__TASK__.
Leave out the pictures and repeat every record exactly.

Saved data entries
BEGIN

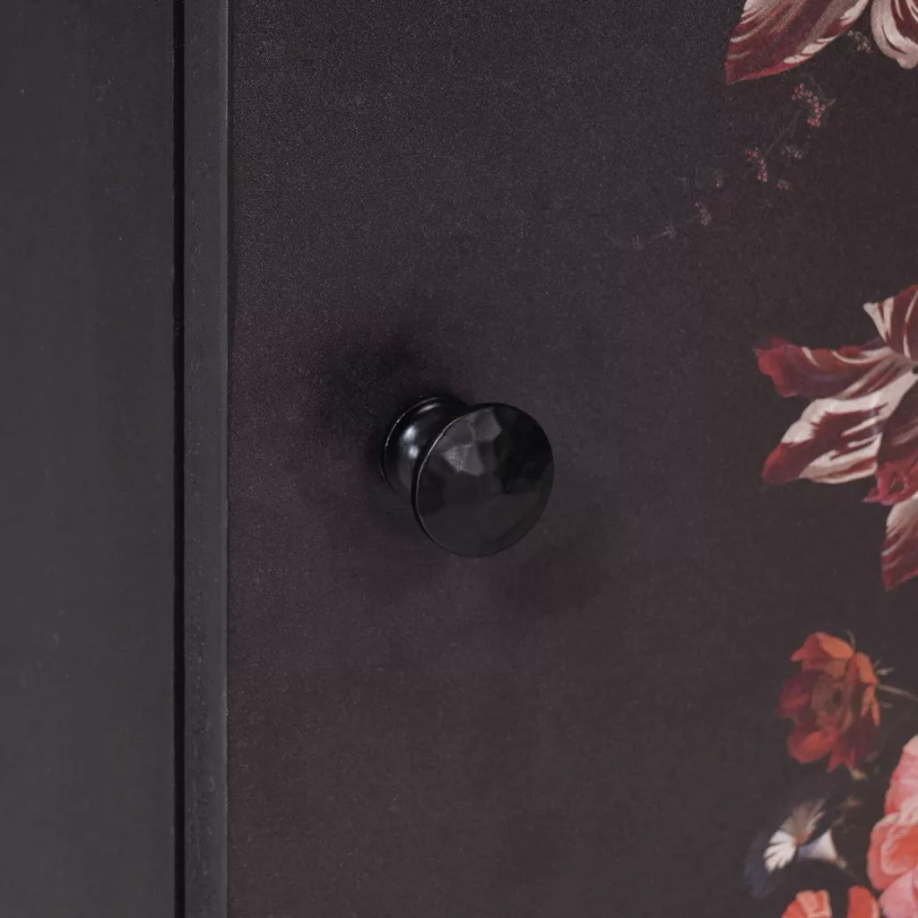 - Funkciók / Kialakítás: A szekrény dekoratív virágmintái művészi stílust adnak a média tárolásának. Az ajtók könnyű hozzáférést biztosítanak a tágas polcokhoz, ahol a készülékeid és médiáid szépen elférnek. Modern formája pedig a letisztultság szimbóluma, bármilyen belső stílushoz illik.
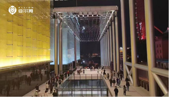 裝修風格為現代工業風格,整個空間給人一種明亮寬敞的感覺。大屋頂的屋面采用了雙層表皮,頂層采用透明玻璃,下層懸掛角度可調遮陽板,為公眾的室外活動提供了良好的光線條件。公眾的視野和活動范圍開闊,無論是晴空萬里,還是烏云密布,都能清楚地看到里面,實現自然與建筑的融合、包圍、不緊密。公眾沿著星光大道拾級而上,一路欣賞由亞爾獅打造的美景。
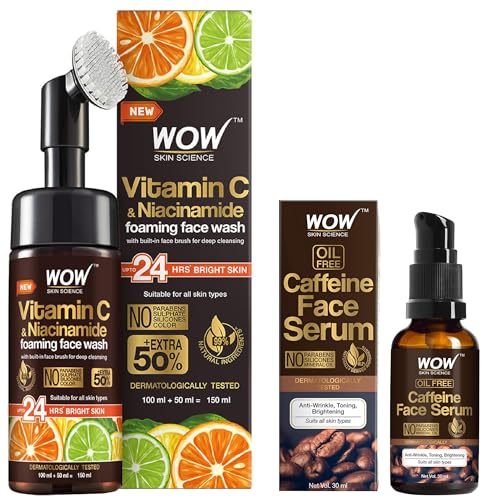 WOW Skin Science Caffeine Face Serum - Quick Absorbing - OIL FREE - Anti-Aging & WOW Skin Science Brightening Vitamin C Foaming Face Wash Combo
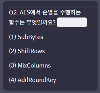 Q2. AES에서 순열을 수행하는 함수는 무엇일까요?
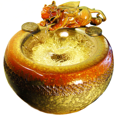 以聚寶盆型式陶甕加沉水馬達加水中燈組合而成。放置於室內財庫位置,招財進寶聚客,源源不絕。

END

__OUTPUT FOR THIS TASK__.
 - Funkciók / Kialakítás: A szekrény dekoratív virágmintái művészi stílust adnak a média tárolásának. Az ajtók könnyű hozzáférést biztosítanak a tágas polcokhoz, ahol a készülékeid és médiáid szépen elférnek. Modern formája pedig a letisztultság szimbóluma, bármilyen belső stílushoz illik.
 裝修風格為現代工業風格,整個空間給人一種明亮寬敞的感覺。大屋頂的屋面采用了雙層表皮,頂層采用透明玻璃,下層懸掛角度可調遮陽板,為公眾的室外活動提供了良好的光線條件。公眾的視野和活動范圍開闊,無論是晴空萬里,還是烏云密布,都能清楚地看到里面,實現自然與建筑的融合、包圍、不緊密。公眾沿著星光大道拾級而上,一路欣賞由亞爾獅打造的美景。
 WOW Skin Science Caffeine Face Serum - Quick Absorbing - OIL FREE - Anti-Aging & WOW Skin Science Brightening Vitamin C Foaming Face Wash Combo
 Q2. AES에서 순열을 수행하는 함수는 무엇일까요?
 以聚寶盆型式陶甕加沉水馬達加水中燈組合而成。放置於室內財庫位置,招財進寶聚客,源源不絕。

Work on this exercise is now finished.